# Wanted - Marconi 365 Morse Key



## JOC42 (Feb 3, 2008)

Hi
I'm looking for a Marconi 365 key to add to my collection. I've been a Full Licence Radio Ham for 2 years (callsign M0JOC) and really want to rekindle my days at sea (mid 70's to early 80's with Houlder Bros) using the 365 - any variant A/B/EZ ..... I'm using a Kent twin paddle, a Bencher BY-2 and a Hi-Mound straight key but miss that great lump of heavyweight refinement in my shack!
I trained at Fleetwood Nautical College 1972 - 1975.
Happy to pay the going rate - just wish now I'd "borrowed" one from the 2 ships I took to scrap whilst at sea !
Many thanks

John O'Connell

Hardwicke Grange, Humboldt, Lynton Grange, Orotava, Abbey, Bidford Priory, Oswestry Grange, Clerk Maxwell


----------



## gwzm (Nov 7, 2005)

Hi John, 

keep an eye open on eBay. Marconi 365s in all variants and conditions show up fairly frequently. Decent keys seem to sell around the £300 mark. If only we’d known then what we know now...
Happy days.
gwzm


----------



## pippin (May 13, 2008)

John - I too sailed on the HUMBOLT/GYFR!
And guess what? I have a 365B key for sale!
Get in touch via PM/Conversation.
Rgds Bruce/GW4XXF


----------



## pippin (May 13, 2008)

Sorry - HUMBOLDT


----------



## R651400 (Jun 18, 2005)

As can be seen from the GTZM 365A above its brass case after removal of original grey paint will polish up very nicely.
Maybe sounds sacrilege to morse key purists but I actually gifted a 365 to a French amateur here as I never took to it's (ball-race) chunky action even when at sea.


----------



## duncs (Sep 8, 2008)

Regarding polishing down to shiny brass, it was bad news. In a stinking hot radio room, dripping with sweat, you could get a 'tingle' off the case, which could affect your morse. Worse still, was the removal of the plastic off the tuning knobs of the Mercury/Electra, and polishing them to shiny brass. Fine tuning to GKB and getting a belt, was not a joke.
Sorry for the moan.

Duncs


----------



## JOC42 (Feb 3, 2008)

gwzm said:


> Hi John,
> 
> keep an eye open on eBay. Marconi 365s in all variants and conditions show up fairly frequently. Decent keys seem to sell around the £300 mark. If only we’d known then what we know now...
> Happy days.
> gwzm


I have been for almost 2 years GWZM ;-) Nothing suitable has come up on all the major selling sites.


----------



## R651400 (Jun 18, 2005)

Doubt there'll be many lying around either the Alang or Gadani Beach shanty town shops these days.


----------



## Troppo (Feb 18, 2010)

My key collection. 365 ex GYKD/VJEK at L


----------



## pippin (May 13, 2008)

Shocks from the brass case spoiling your sending? 
On my first ship the Chief R/O would take the cover off, invert it and use it as an ashtray. 
At the end of his watch he would empty into the waste paper basket and bung it back on.
The remaining ash would get between the contacts and ruin *MY* Morse sending!
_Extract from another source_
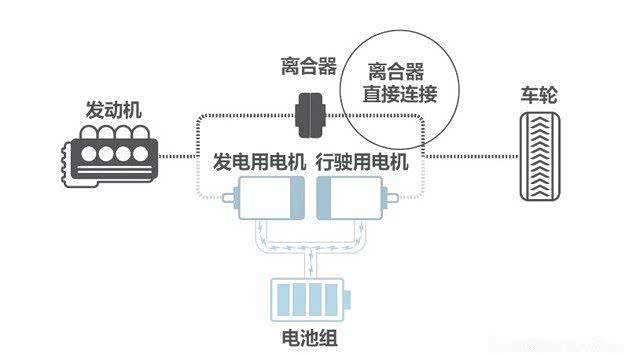 3.高速巡航模式,发动机直接连接离合器将动力传输到车轮,驱动车辆前行,并且通过发动机为电池组充电。随着电池剩余电量增加,切换为EV模式行驶,以此循环往复。

Looking at those various keys - why not get an Eddy diecast box, some black plastic and put a Kent key mechanism inside?
Need a bit of jiggery-pokery but it would be pretty close to the real thing!


----------



## gordonarfur (May 27, 2018)

JOC42 said:


> Hi
> I'm looking for a Marconi 365 key to add to my collection. I've been a Full Licence Radio Ham for 2 years (callsign M0JOC) and really want to rekindle my days at sea (mid 70's to early 80's with Houlder Bros) using the 365 - any variant A/B/EZ ..... I'm using a Kent twin paddle, a Bencher BY-2 and a Hi-Mound straight key but miss that great lump of heavyweight refinement in my shack!
> I trained at Fleetwood Nautical College 1972 - 1975.
> Happy to pay the going rate - just wish now I'd "borrowed" one from the 2 ships I took to scrap whilst at sea !
> ...


Hi John were Houlders direct employ? I always thought they were Macs blokes?


----------



## JOC42 (Feb 3, 2008)

gordonarfur said:


> Hi John were Houlders direct employ? I always thought they were Macs blokes?


Houlders were Marconi but I was sponsored by them in my last year at Fleetwood 1974/75 doing the MRRT course and radar. I think P&O, Cunard and Shell did the same thing in 1974 as well.


----------



## GW3OQK (Jun 10, 2010)

JOC, now's your chance, there's a 365B for auction.
Hmm, maybe I shouldn't have mentioned it in case you outbid me.


----------



## pippin (May 13, 2008)

I'll be putting one of my 365s on an infamous on-line auction site soon.
An early one with the extra contacts at the rear.
Watch that space!


----------



## gwzm (Nov 7, 2005)

Hi, there's a 365B on eBay just now. It's complete but is one of the early ones that had the bar shortened to remove the cross-rod that was used to operate the auxiliary contacts, which have also been removed.

At the right price it could be a good cosmetic restoration project.

gwzm


----------



## JOC42 (Feb 3, 2008)

"cosmetic restoration project" ........... thats one way of putting it ;-)


----------



## 5TT (May 3, 2008)

I'm thrilled to have recently acquired a 365EZ however it arrived without the knob. I would really appreciate it if somebody could send me photos and dimensions of the knob sufficient for me to get one made as close as possible to the original?

Many thanks,

Adrian


----------



## pippin (May 13, 2008)

Will do, give me a couple of days. I might even experiment with a silicone mould of my knob (!!!) for you.

KENT Morse Keys 
make a close replica of the 365EZ and supply spares. The knob and skirt are a very close match.


----------



## Dimples82 (Aug 24, 2014)

JOC42 said:


> Hi
> I'm looking for a Marconi 365 key to add to my collection. I've been a Full Licence Radio Ham for 2 years (callsign M0JOC) and really want to rekindle my days at sea (mid 70's to early 80's with Houlder Bros) using the 365 - any variant A/B/EZ ..... I'm using a Kent twin paddle, a Bencher BY-2 and a Hi-Mound straight key but miss that great lump of heavyweight refinement in my shack!
> I trained at Fleetwood Nautical College 1972 - 1975.
> Happy to pay the going rate - just wish now I'd "borrowed" one from the 2 ships I took to scrap whilst at sea !
> ...


 Suggest you do a search "Marconi Marine" on EBay - there is a Morse Transmitting Telegraphy Key, Marconi Marine, England, M.I.M. Co Type 365FZ for sale there, closing in 2 days,
Good Luck


----------